Start of INFORMATION SUPPLIED
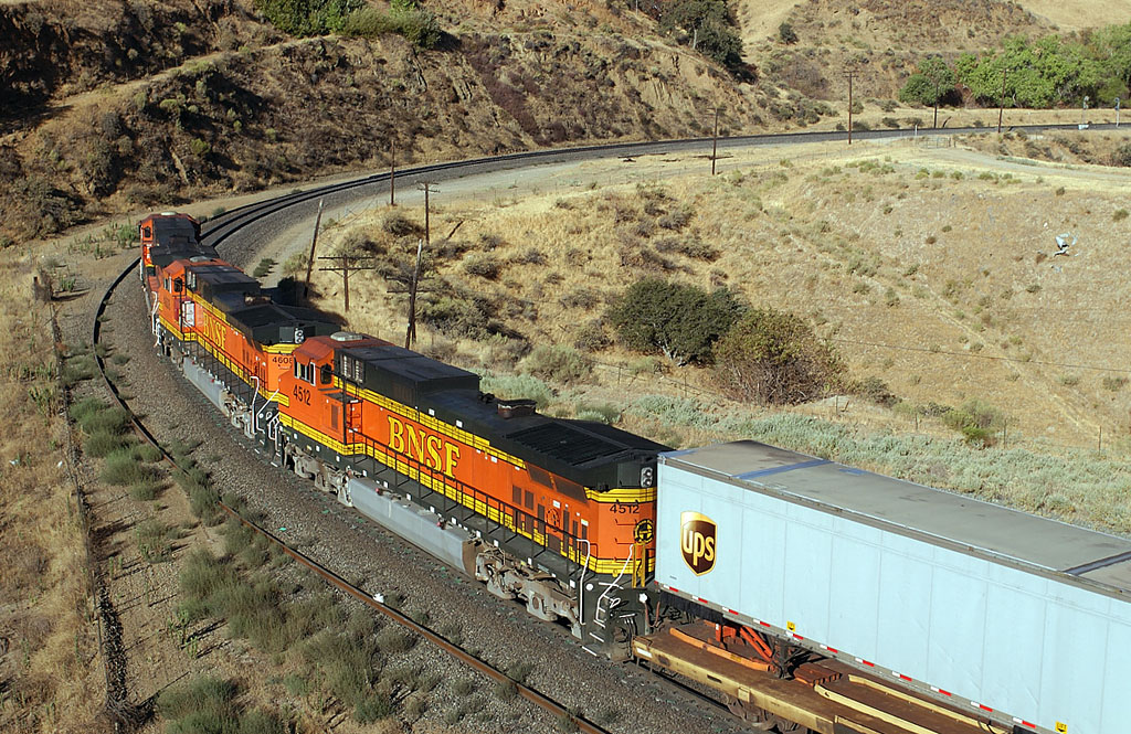 | 朝日にサイドがギラリと輝く.荷のピギーバックにはUPSの文字が見えます.どうも優先度の高い列車のようです.また,ここへ来てようやくロードナンバーが読めました. Marcel-Walong 7:50, BNSF 1116+4608+4512(すべてC44-9W) |
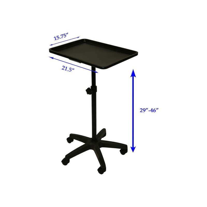 Extra Large Black Steel Rolling Mayo Instrument Work Tray, 21.5" x 15.75", Adjustable Height 29"-46
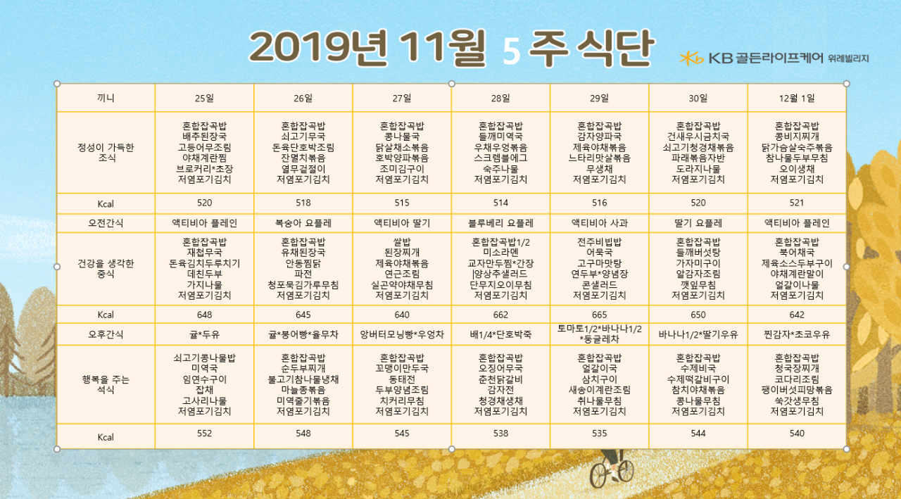 위례빌리지 [식단안내] 위례 빌리지 11월 5주차 식단표 페이지 정보 작성자 KB 골든라이프 댓글 0건 조회 3,077회 작성일 19-11-23 14:23 목록 본문 목록 이전글[식단안내] 위례 데이케어 11월 5주차 식단표 19.11.23 다음글[식단안내] 위례 케어센터 11월 4주차 식단표 19.11.15
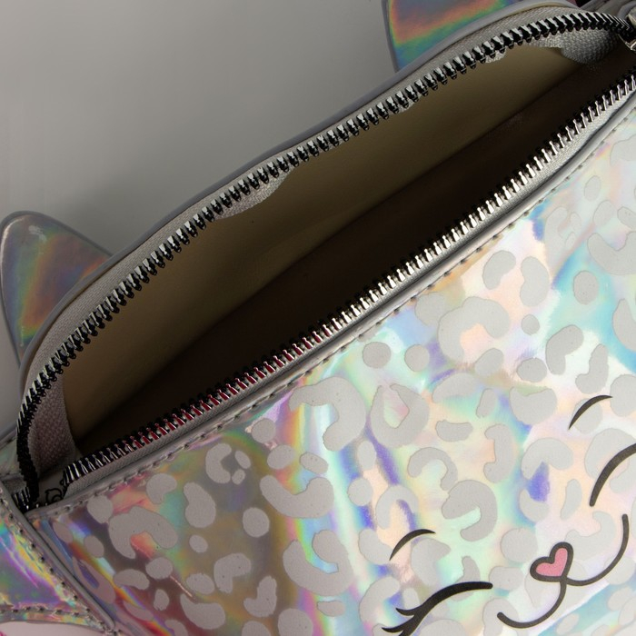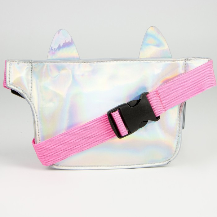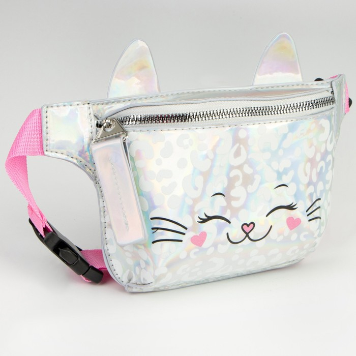 Сумка детская для девочки поясная "Кошечка", на молнии, цвет серебристый
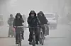 13. desember 2013 dekker syklister ansiktet under den kinesiske luft-apokalypsen. (Foto: Reuters / NTB)
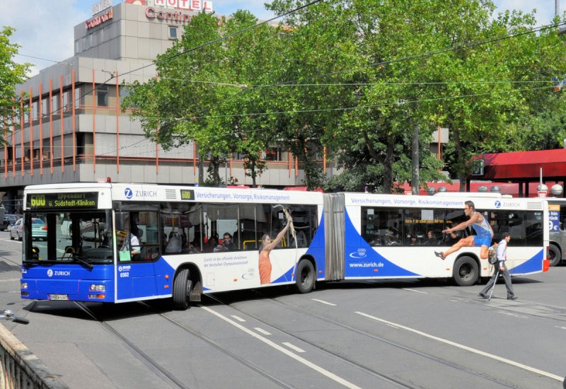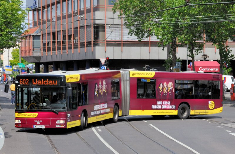 MAN Gelenkbus, Linie 602, RVK, mit markanter "Rainer Brand" - Werbung - Busbahnhof Bonn 08.07.2009
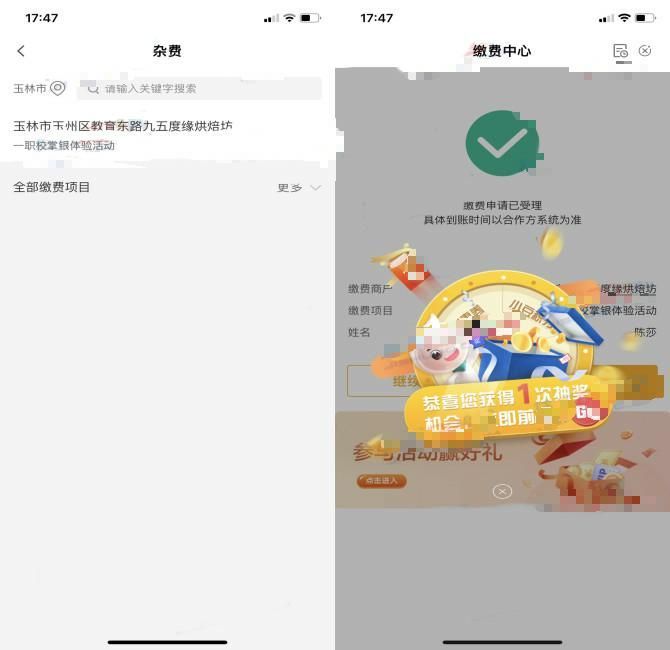 进入第一个如下图模板,(姓名什么的乱填)缴费0.18元后确认会弹出抽奖
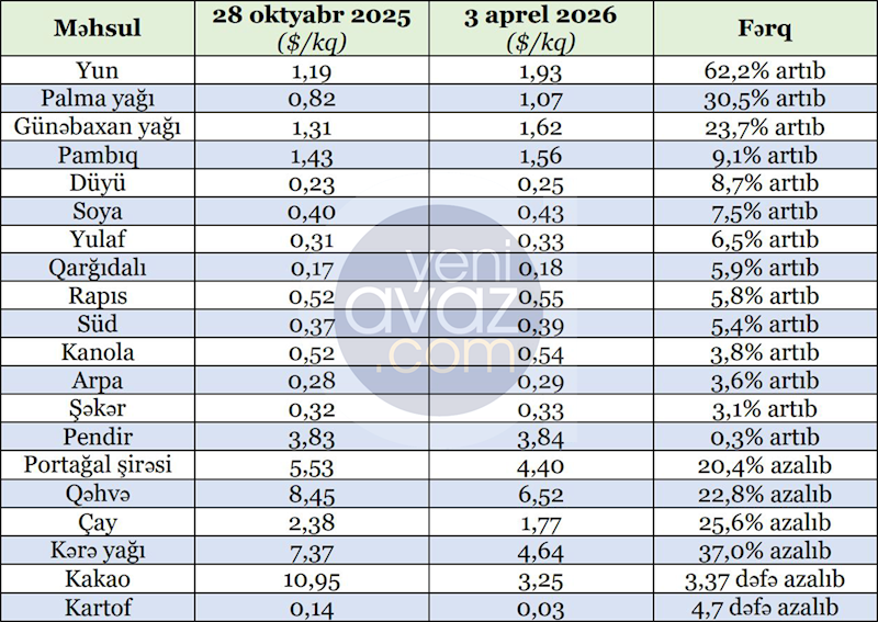 Son 5 ayda dünyada ərzaq qiymətləri necə dəyişib? - SİYAHI
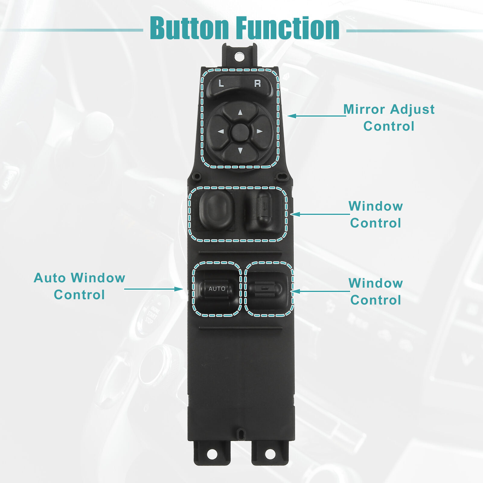 Item Type: Power Window Switch Condition: Brand New Warranty: One Year Warranty OE Number: 56045538AA, 56045538AB, 68193532AA, 68193532AB Quantity Sold: One Piece Vehicle Information: Make Model Year Body Style Location Note Dodge Dakota 2001-2004 2-Door Front Left Dodge Ram 1500 2004 2-Door Front Left Black Finish Dodge Ram 1500 2002-2003 2-Door Front Left Dodge Ram 2500 2003 2-Door Front Left Dodge Ram 2500 2004 2-Door Front Left Black Finish Dodge Ram 3500 2003 2-Door Front Left Dodge Ram 3500 2004 2-Door Front Left Black Finish Product Specifications: Product Type Power Window Switch Location Front Driver
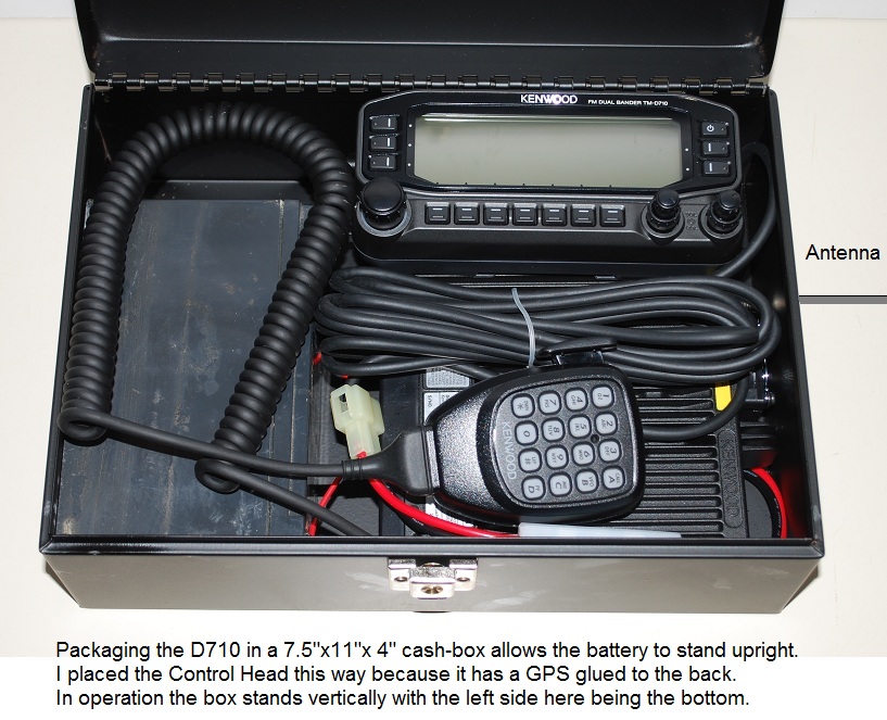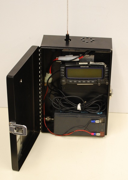 boxes contain D700 or D710 APRS radios and a 9AH gel cell battery. They are shown here
End of INFORMATION SUPPLIED
**YOUR ASSIGNMENT:**
Copy word for word the span of the records above that begins at the line with "Extra Large Black" and ends at the line with "Son 5 ayda dünyada", including those two lines but not the pictures.

**RESPONSE FOR THIS EXERCISE:**
 Extra Large Black Steel Rolling Mayo Instrument Work Tray, 21.5" x 15.75", Adjustable Height 29"-46
 위례빌리지 [식단안내] 위례 빌리지 11월 5주차 식단표 페이지 정보 작성자 KB 골든라이프 댓글 0건 조회 3,077회 작성일 19-11-23 14:23 목록 본문 목록 이전글[식단안내] 위례 데이케어 11월 5주차 식단표 19.11.23 다음글[식단안내] 위례 케어센터 11월 4주차 식단표 19.11.15
 Сумка детская для девочки поясная "Кошечка", на молнии, цвет серебристый
 13. desember 2013 dekker syklister ansiktet under den kinesiske luft-apokalypsen. (Foto: Reuters / NTB)
 MAN Gelenkbus, Linie 602, RVK, mit markanter "Rainer Brand" - Werbung - Busbahnhof Bonn 08.07.2009
 进入第一个如下图模板,(姓名什么的乱填)缴费0.18元后确认会弹出抽奖
 Son 5 ayda dünyada ərzaq qiymətləri necə dəyişib? - SİYAHI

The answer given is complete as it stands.